Here’s how the dummy dataset is in Excel. It’s a daily summary of users with the below formula. IF it’s the first day of the month, then generate a random number between 1200 to 2500, ELSE take the previous cell and add 10% to it. Since this new sample data has user counts by day and not hit data by user id, the query is now running a SUM(pseudo_user_id_count) AS history_value instead of a COUNT(DISTINCT).
Go ahead and create a new dataset for this CSV import and create a new table for this daily data.
If you now try running the query with all the Forecasting steps given in the Google Cloud documentation, it will work. The only challenge I faced was that the historical data had a timestamp of YYYY-MM-DD while the forecast_timestamp had a timestamp of YYYY-MM-DD HH:MM:SS UTC, which breaks the model when you try putting them together.
To diagnose this, I first selected the historical data part of the query and ran it, it worked. I then ran the forecast model part separately, it also ran. Ok…Observing the timestamp details in both sub queries lead to me Stackoverflow for a solution. https://stackoverflow.com/questions/63217923/bigquery-how-can-i-add-000000-utc-to-an-existing-timestamp/63218938#63218938
In the full below, I now have an operation TIMESTAMP(event_date) as history_timestamp2 which is what will be used in plotting the timeseries [along with forecast_timestamp in the second half of the query].

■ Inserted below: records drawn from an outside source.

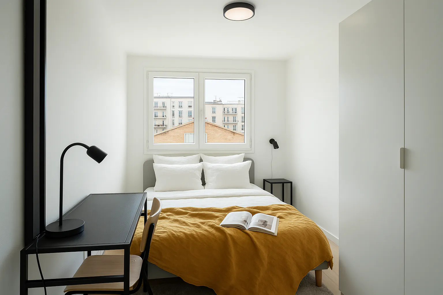 ROOM Our rooms are fully furnished with everything you need. In the bedroom area, you will find a bed with a comfortable mattress, as well as a bedside table, small lamp, and wardrobe. The bedroom is also equipped with a desk and chair, so you can easily work or study from home. Please note: Bedsheets are not provided, allowing you to personalize your space the way you like it! APARTMENT Our modern apartments each feature a spacious bathroom and a fully equipped kitchenette with the necessary appliances. PROPERTY Our location in Paris is the ideal place to experience the vibrancy of the city while being part of the (hidden) community. With a total of 24 flats and 32 rooms, the building features a laundry area on the first floor, and a community space where you can relax, meet new people, and enjoy all the perks of a flexible lifestyle....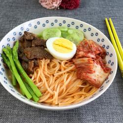 1. Prepare the main ingredients, Korean hot sauce and asparagus! Slice the cucumbers and put them in salt to dehydrate and set aside, and cut the meat into slices and set aside! Boil the eggs, remove the shells and set aside! Slice the kimchi and set aside!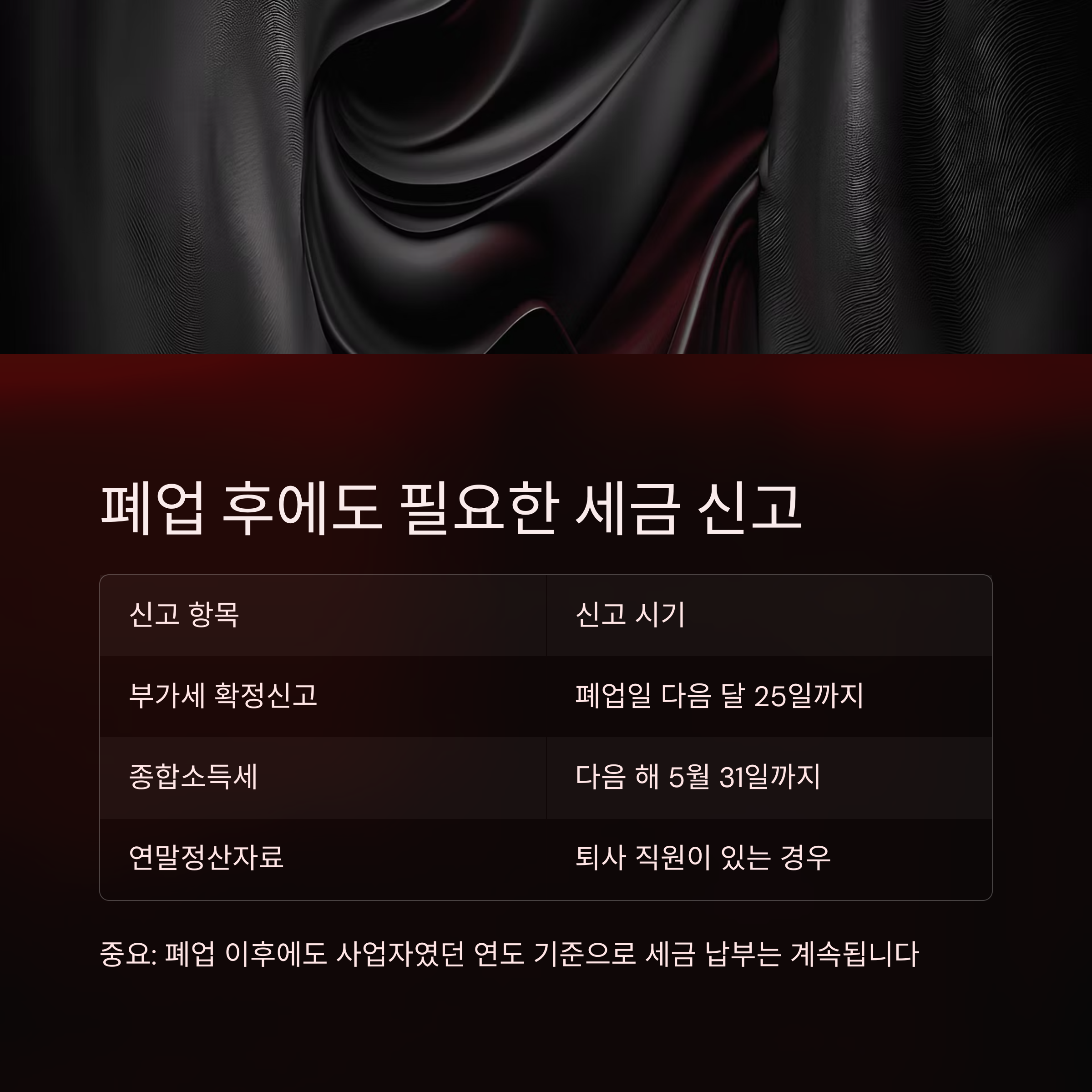 중요: 폐업 이후에도 사업자였던 연도 기준으로 세금 납부는 계속됩니다
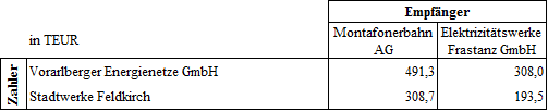 (5) Für den Netzbereich Vorarlberg werden folgende Ausgleichszahlungen festgelegt, wobei die Zahlungen zwischen den einzelnen Netzbetreibern gemäß folgender Aufstellung zu leisten sind: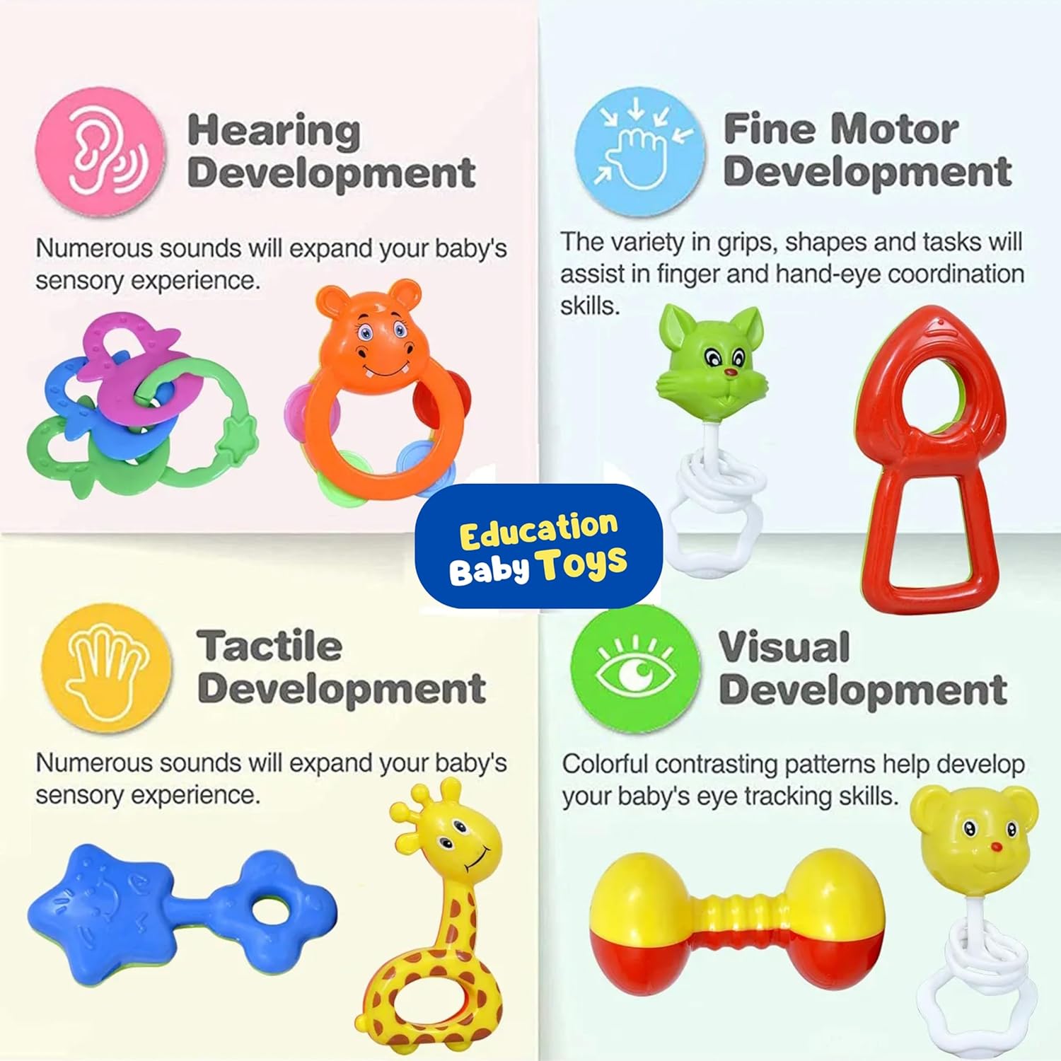 👶 Develops Sensory & Motor Skills This rattle set helps babies improve hand-eye coordination, color recognition, and grip strength. Perfect early development toys for babies 0-6 months and 6-12 months.

#standardSQL #https://cloud.google.com/bigquery-ml/docs/arima-single-time-series-forecasting-tutorial SELECT history_timestamp2 AS timestamp, history_value, NULL AS forecast_value, NULL AS prediction_interval_lower_bound, NULL AS prediction_interval_upper_bound FROM ( SELECT TIMESTAMP(event_date) as history_timestamp2, event_date AS history_timestamp, SUM(pseudo_user_id_count) AS history_value, FROM `analyticslog-app-plus-web.excelSampleData.sampleExcelData` GROUP BY event_date ORDER BY event_date ASC ) #https://stackoverflow.com/questions/63217923/bigquery-how-can-i-add-000000-utc-to-an-existing-timestamp/63218938#63218938 UNION ALL SELECT forecast_timestamp AS timestamp, NULL AS history_value, forecast_value, prediction_interval_lower_bound, prediction_interval_upper_bound FROM ML.FORECAST(MODEL bqml_tutorial.ga_arima_model_v4, STRUCT(30 AS horizon, 0.8 AS confidence_level))
Congrats! The query ran and you’re now ready to plot the data. Head over to DS and put in the history_value, forecast_value, upper and lower prediction intervals [set at 80% in the query].
This post doesn’t go into the stats element of the ARIMA model. This is something that I’ll be diving into as I try to improve my stats knowledge.
Overall, I would highly recommend that everyone have a parallel implementation for GA App+Web beta and use BigQuery to check out the possibilities. The GA public dataset is always available but it’s more fun when you do this with your own data and learn something new along the way.